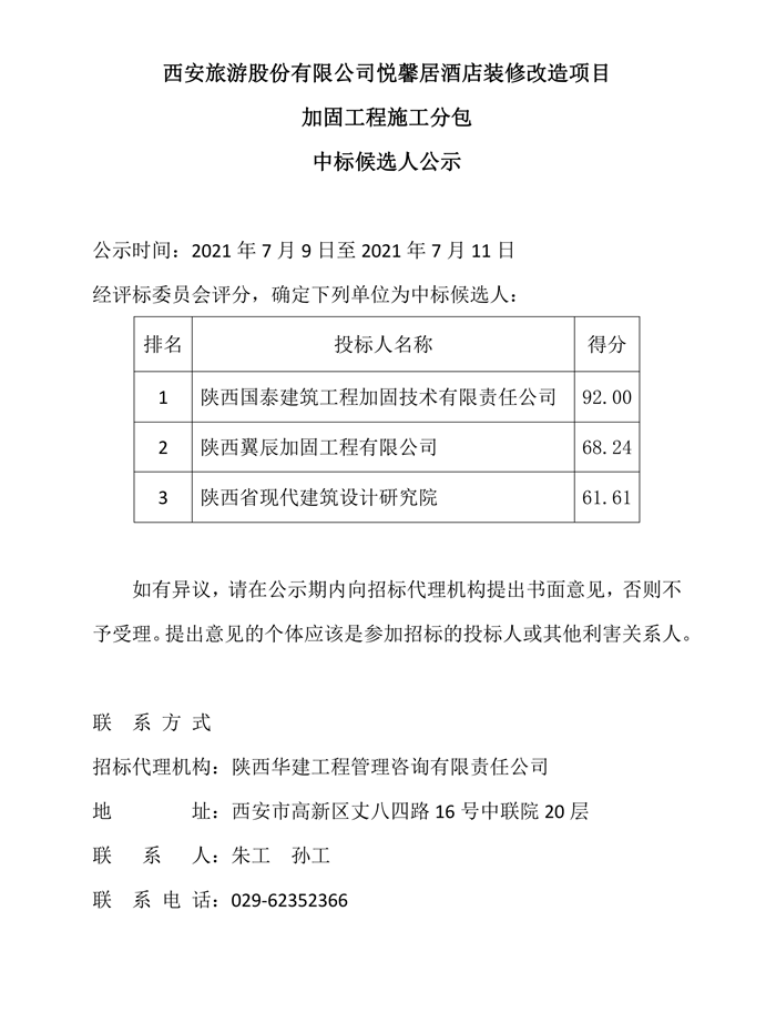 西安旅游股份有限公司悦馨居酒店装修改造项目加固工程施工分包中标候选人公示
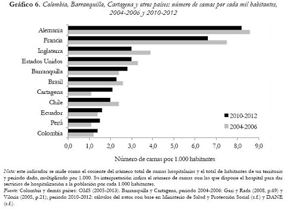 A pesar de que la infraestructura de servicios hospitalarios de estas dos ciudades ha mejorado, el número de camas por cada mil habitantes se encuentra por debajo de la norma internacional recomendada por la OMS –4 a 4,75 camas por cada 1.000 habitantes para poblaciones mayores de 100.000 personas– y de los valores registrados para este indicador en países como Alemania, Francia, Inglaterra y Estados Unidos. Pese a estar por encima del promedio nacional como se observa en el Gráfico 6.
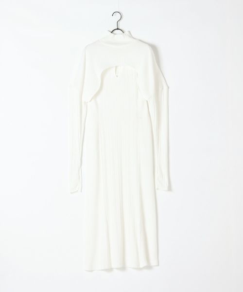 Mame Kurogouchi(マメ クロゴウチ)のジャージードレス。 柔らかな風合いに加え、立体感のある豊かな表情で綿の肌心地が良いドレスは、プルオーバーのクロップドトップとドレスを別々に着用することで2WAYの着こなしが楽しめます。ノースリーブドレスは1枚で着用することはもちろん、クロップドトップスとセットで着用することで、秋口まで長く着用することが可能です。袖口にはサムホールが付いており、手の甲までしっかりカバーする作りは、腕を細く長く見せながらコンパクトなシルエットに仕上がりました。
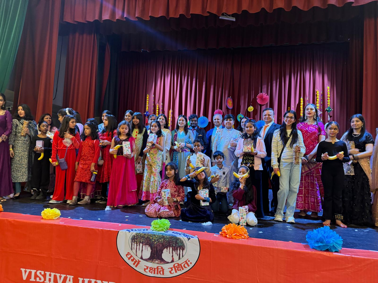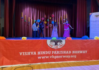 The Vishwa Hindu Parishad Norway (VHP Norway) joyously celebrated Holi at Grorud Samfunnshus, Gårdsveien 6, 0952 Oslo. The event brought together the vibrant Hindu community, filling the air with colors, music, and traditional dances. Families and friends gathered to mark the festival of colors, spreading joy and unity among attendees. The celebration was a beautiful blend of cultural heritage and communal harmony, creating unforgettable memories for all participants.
# # # #
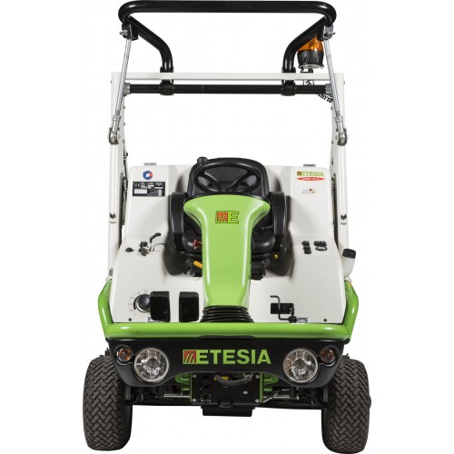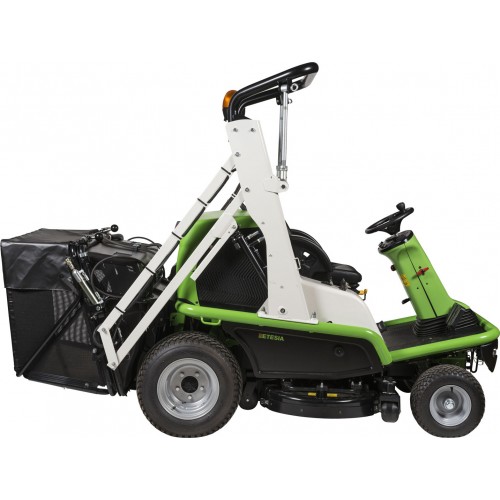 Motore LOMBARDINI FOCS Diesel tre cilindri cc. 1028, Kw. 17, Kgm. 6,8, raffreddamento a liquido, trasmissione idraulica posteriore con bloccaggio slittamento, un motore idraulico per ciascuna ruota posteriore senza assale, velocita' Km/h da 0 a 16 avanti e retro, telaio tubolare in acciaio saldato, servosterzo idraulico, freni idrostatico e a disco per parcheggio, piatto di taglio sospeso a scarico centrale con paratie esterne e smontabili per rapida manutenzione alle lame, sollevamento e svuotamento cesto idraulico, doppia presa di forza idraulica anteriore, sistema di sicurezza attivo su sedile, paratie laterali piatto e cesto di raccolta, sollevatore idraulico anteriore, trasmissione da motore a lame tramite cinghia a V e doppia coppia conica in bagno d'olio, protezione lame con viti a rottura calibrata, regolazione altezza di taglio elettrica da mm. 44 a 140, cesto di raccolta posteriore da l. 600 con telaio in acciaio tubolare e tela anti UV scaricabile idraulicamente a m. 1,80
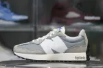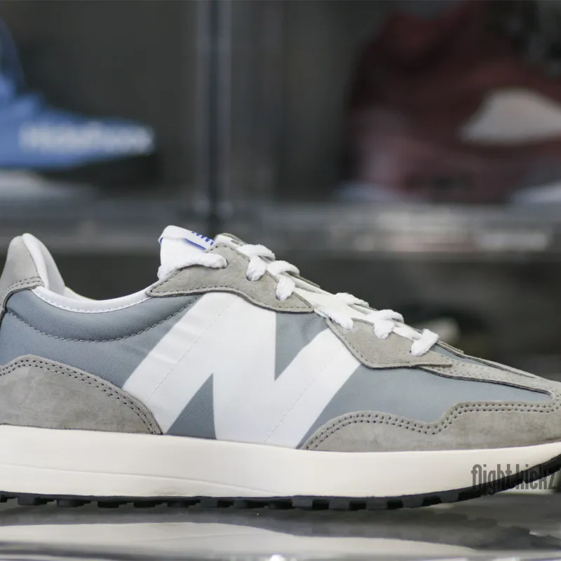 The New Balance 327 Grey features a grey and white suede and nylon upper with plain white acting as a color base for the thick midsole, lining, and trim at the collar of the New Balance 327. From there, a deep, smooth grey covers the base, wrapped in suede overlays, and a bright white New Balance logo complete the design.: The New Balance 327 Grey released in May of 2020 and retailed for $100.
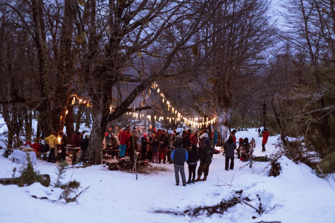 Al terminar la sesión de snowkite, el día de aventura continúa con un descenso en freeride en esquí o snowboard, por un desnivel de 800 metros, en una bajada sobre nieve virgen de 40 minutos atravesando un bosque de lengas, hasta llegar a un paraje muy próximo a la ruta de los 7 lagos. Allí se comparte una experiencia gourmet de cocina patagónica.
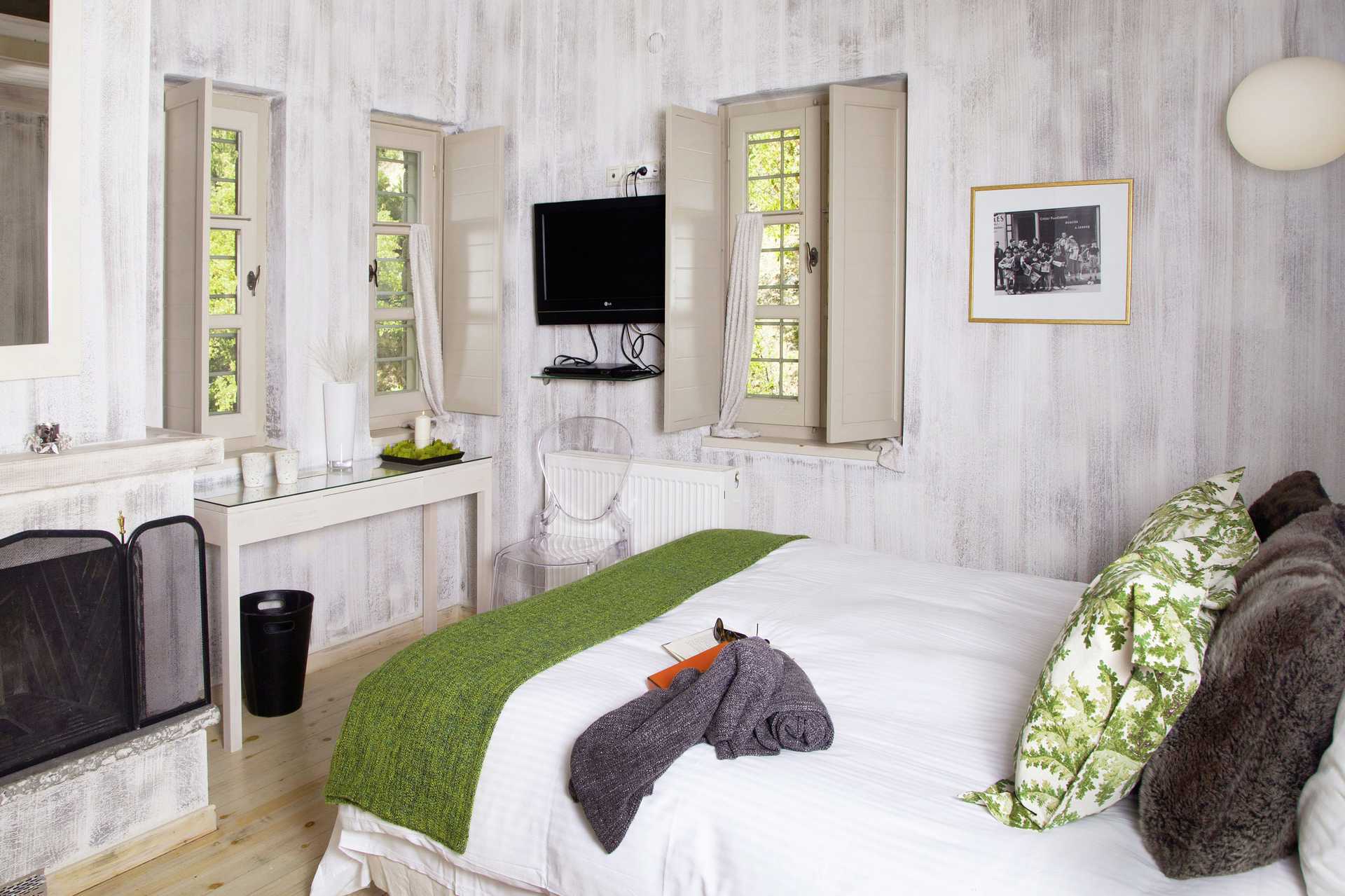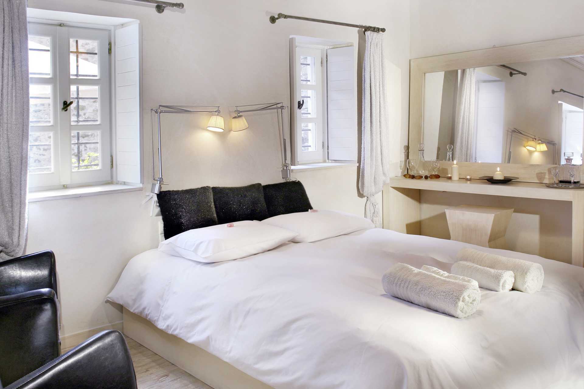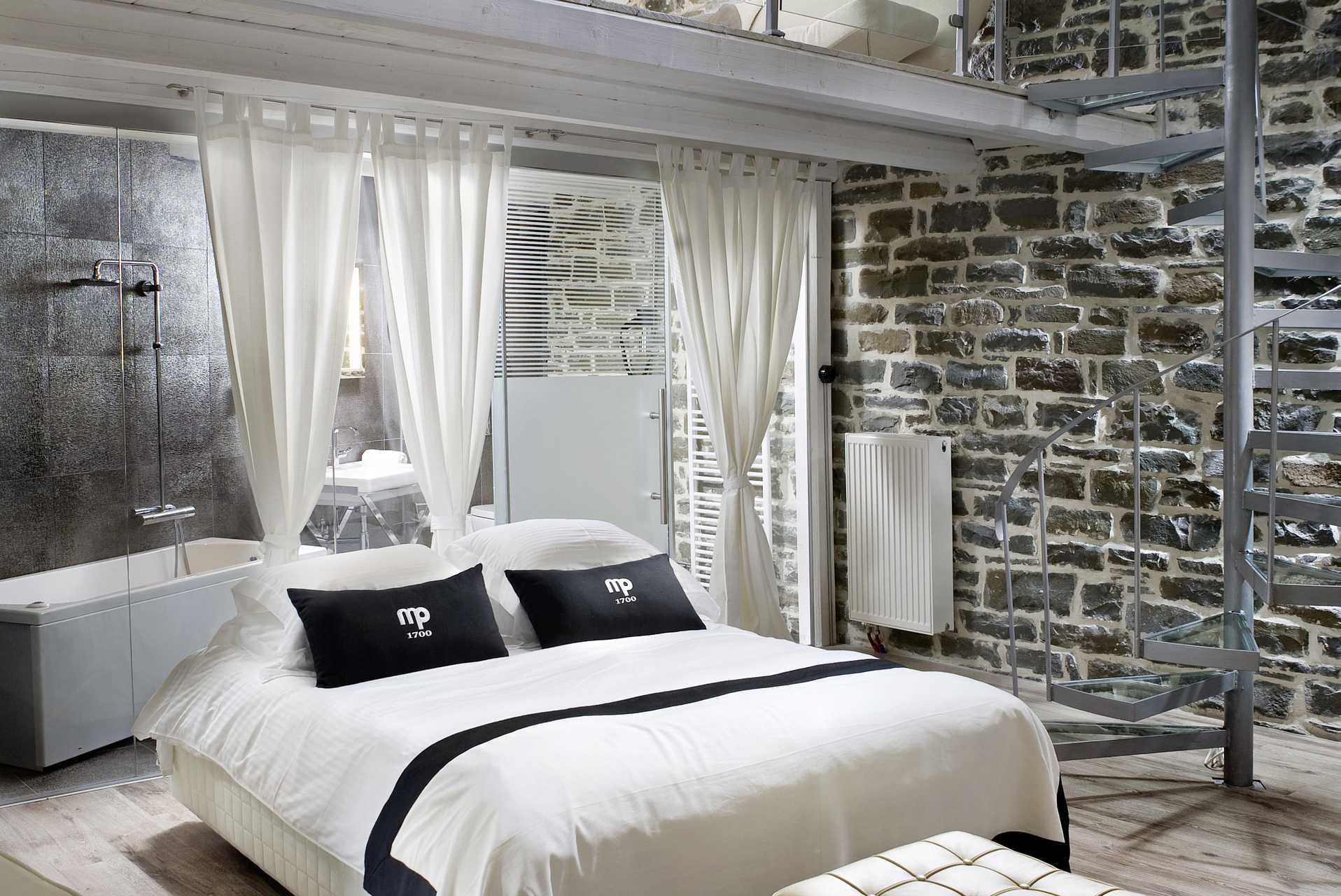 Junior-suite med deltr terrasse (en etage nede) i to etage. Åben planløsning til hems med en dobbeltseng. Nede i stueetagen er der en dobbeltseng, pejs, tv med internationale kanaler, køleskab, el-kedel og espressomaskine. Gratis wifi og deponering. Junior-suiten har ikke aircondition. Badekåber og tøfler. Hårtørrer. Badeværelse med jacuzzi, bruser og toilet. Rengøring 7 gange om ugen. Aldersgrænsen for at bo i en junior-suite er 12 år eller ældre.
# # # #
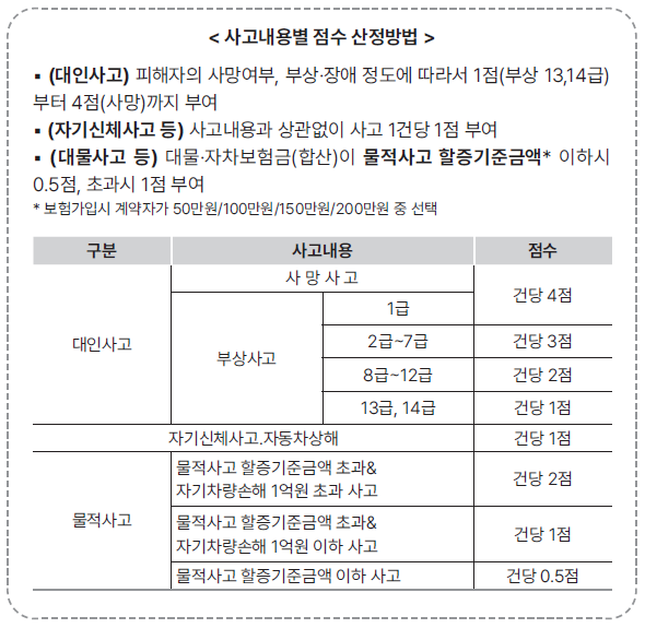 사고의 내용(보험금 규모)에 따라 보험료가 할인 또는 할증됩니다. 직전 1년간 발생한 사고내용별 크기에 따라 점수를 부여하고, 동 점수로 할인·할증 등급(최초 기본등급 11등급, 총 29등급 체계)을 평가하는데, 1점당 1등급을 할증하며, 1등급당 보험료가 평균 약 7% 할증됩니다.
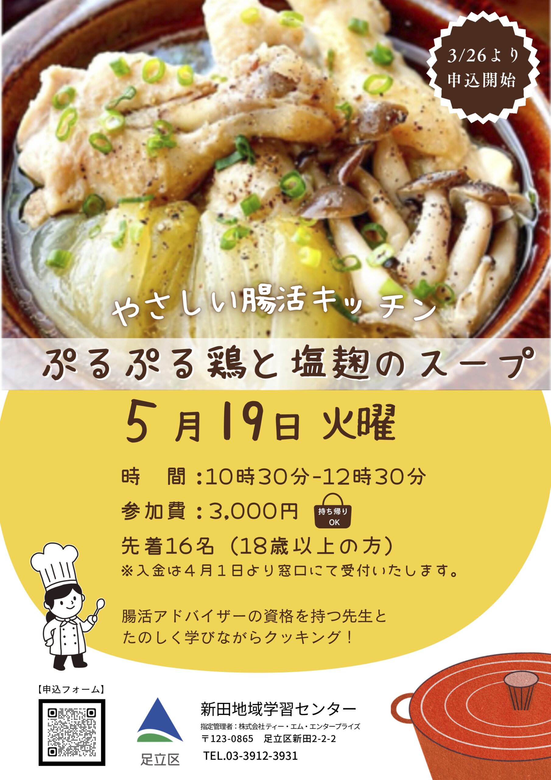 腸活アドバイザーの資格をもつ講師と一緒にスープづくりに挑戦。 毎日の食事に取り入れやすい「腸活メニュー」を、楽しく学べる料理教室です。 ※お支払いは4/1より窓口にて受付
# # # #
### EXERCISE
Above are some entries. Restate word for word the lines from the one holding "西安旅游股份有限公司悦馨居酒店装修改造项目加固工程施工分包中标候选人公示" through the one holding "Mame Kurogouchi(マメ クロゴウチ)のジャージードレス。", but not the pictures.

### SOLUTION FOR THIS EXERCISE
 西安旅游股份有限公司悦馨居酒店装修改造项目加固工程施工分包中标候选人公示
 A pesar de que la infraestructura de servicios hospitalarios de estas dos ciudades ha mejorado, el número de camas por cada mil habitantes se encuentra por debajo de la norma internacional recomendada por la OMS –4 a 4,75 camas por cada 1.000 habitantes para poblaciones mayores de 100.000 personas– y de los valores registrados para este indicador en países como Alemania, Francia, Inglaterra y Estados Unidos. Pese a estar por encima del promedio nacional como se observa en el Gráfico 6.
 Mame Kurogouchi(マメ クロゴウチ)のジャージードレス。 柔らかな風合いに加え、立体感のある豊かな表情で綿の肌心地が良いドレスは、プルオーバーのクロップドトップとドレスを別々に着用することで2WAYの着こなしが楽しめます。ノースリーブドレスは1枚で着用することはもちろん、クロップドトップスとセットで着用することで、秋口まで長く着用することが可能です。袖口にはサムホールが付いており、手の甲までしっかりカバーする作りは、腕を細く長く見せながらコンパクトなシルエットに仕上がりました。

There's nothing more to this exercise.